Moreover, 11 species are conserved in ALMS, ALHV and SLHV, including seven species from Campylobacterota (six Sulfurovaceae, Sulfurovum, one Sulfurimonadaceae, Sulfurimonas), two Gammaproteobacteria (Thiotrichaceae, Cocleimonas), and two Firmicutes (one Ruminococcaceae, Ruminococcus, and one Erysipelotrichaceae, Dubosiella). A recent study has found that Gammaproteobacteria including Thiotrichaceae, can coevolve with their hosts, while Campylobacteria like Sulfurovaceae is globally distributed in marine sulfidic environments and has a weak host preference (Lee et al., 2021). This may partly explains why Sulfurovaceae accounts for a high proportion in the gill associated bacterial communities of the three groups of alvinocaridid shrimps, while Thiotrichaceae seem to mainly colonize only in A. longirostris. However, although 17 distinct bacterial 16S rRNA phylotypes of Sulfurovum are included in species constituting the dominant microbial community of the shrimps, OTUs of Sulfurovum branch two, such as OTU3 and OTU8, show high abundance in SLHV specifically (Fig. 5), which might be caused by the host selection or the result of co-evolution with the specific host or extreme vent ecological niches.

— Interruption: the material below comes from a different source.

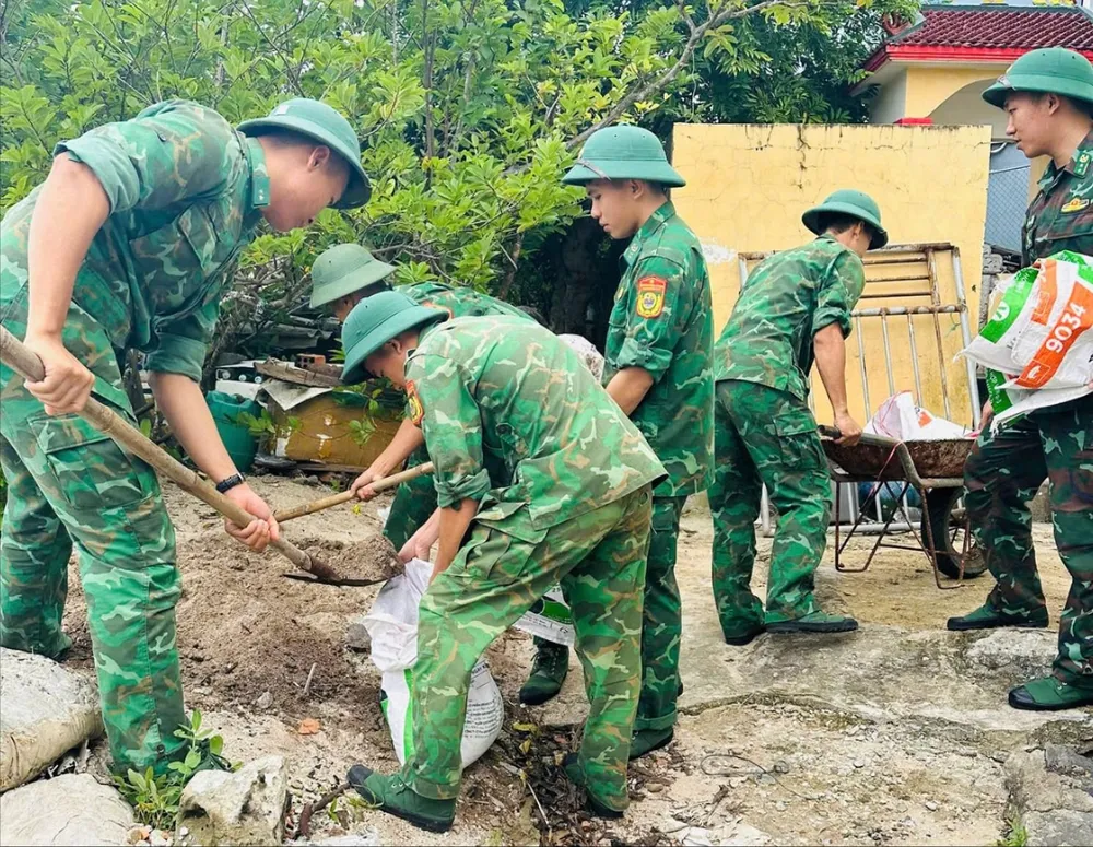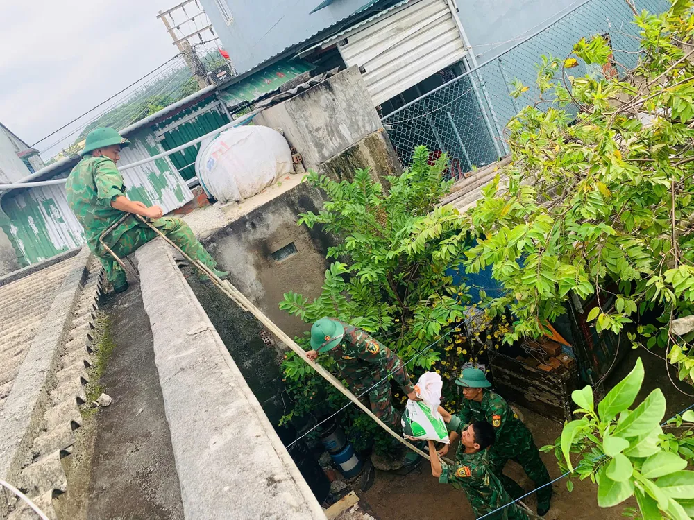Đồn Biên phòng cũng triển khai lực lượng chằng chống nhà cửa, hỗ trợ vật phẩm cho các hộ gia đình neo đơn, người già trên địa bàn huyện.

Therefore, variations in the community composition of gill associated bacteria in ALMS, ALHV, and SLHV are likely the result of a series of factors. The environmental physicochemical characteristics of the habitats and the host recognition have significant impact on the epibiotic community. Further studies concerning microbial diversity of liquid, rock, and sediment surface from the environments around these shrimps will benefit our understanding of whether the gill bacteria are an active embrace or not. Given that gill is one of the organs that directly exchange substances between shrimps and the external environment, we believe that the different bacterial communities found on shrimp gills in this study may play important roles in the adaptation to the extreme environments of the hosts. Further research based on metagenomics, metatranscriptomics and proteomics, as well as in situ experiments, are expected to provide deeper and novel insights into the microbe-host system in deep-sea chemosynthetic environments (Forget & Kim Juniper, 2013; Motoki et al., 2020).